Previously I have shared a bit about the importance of having consistent access to calm when it comes to our physical well being.
If you missed it, you can read it in full HERE.
While arguably this is not much different from our other forms of being well, the basic premise was twofold…
The first was that you could have no access to a capable and comfortable body if you do not also have a calm mind within it.
The second was that you have no way to calm your mind without first calming your body.
By and large, this is done through grounding our bodies… and taking a deep breath.
It sounds simple, and while ultimately it truly is… the process of learning how to do this with any success is often a challenging one.
And beyond remembering to actually stop and notice ones breath, one of the biggest challenges is that taking a deep breath is often a really hard thing for many folks to actually do. With that, the actual deep breath that one person may need to take often is a bit different than what may serve the other.
Let me explain…
You see, as human beings we are built to compensate.
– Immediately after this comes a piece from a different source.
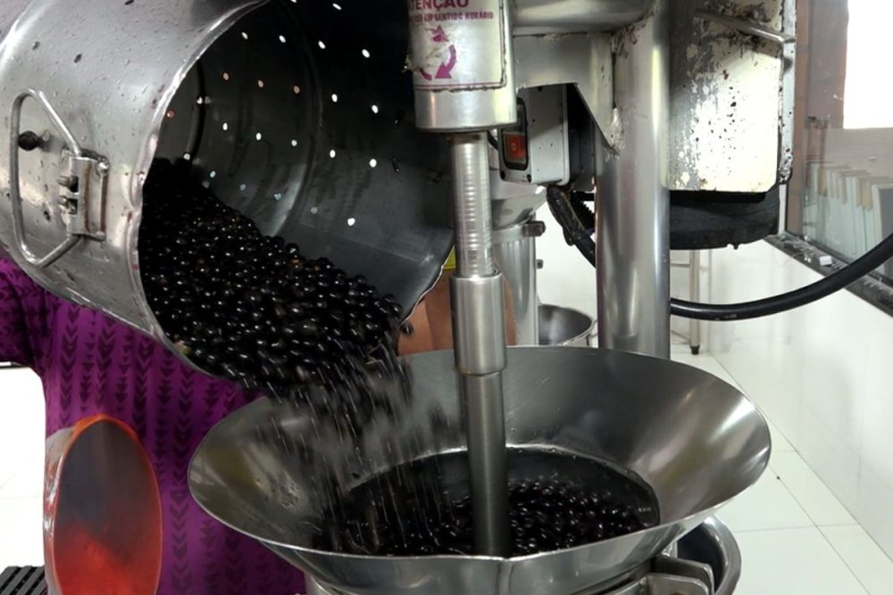 Luana explica que o processo exige atenção desde a chegada do fruto. “Da forma que ele vem da mata, ele precisa ser todo autocuidado pela gente. A gente faz a limpeza, a esterilização, passa pelo resfriamento, bate na máquina até chegar nessa consistência ideal. Só assim dá para oferecer um produto de qualidade”, detalha.
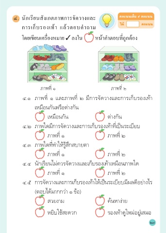 การเก็บรองเท้า แล้วตอบคาถาม ได้ คะแนน

This is something I have also written about before, and you can read that HERE, or watch an in depth video on the topic below.
Essentially, while there may be some ways in which we are built to thrive, we are nonetheless equipped to soldier on in whatever way may be necessary to make it through whatever challenge we are facing in the immediate moment.
It seems we are hardwired to survive at whatever the cost.
And while all of us tend to be unique unto ourselves, there tend to be some very predictable ways that all of us will attempt to survive when the going gets tough.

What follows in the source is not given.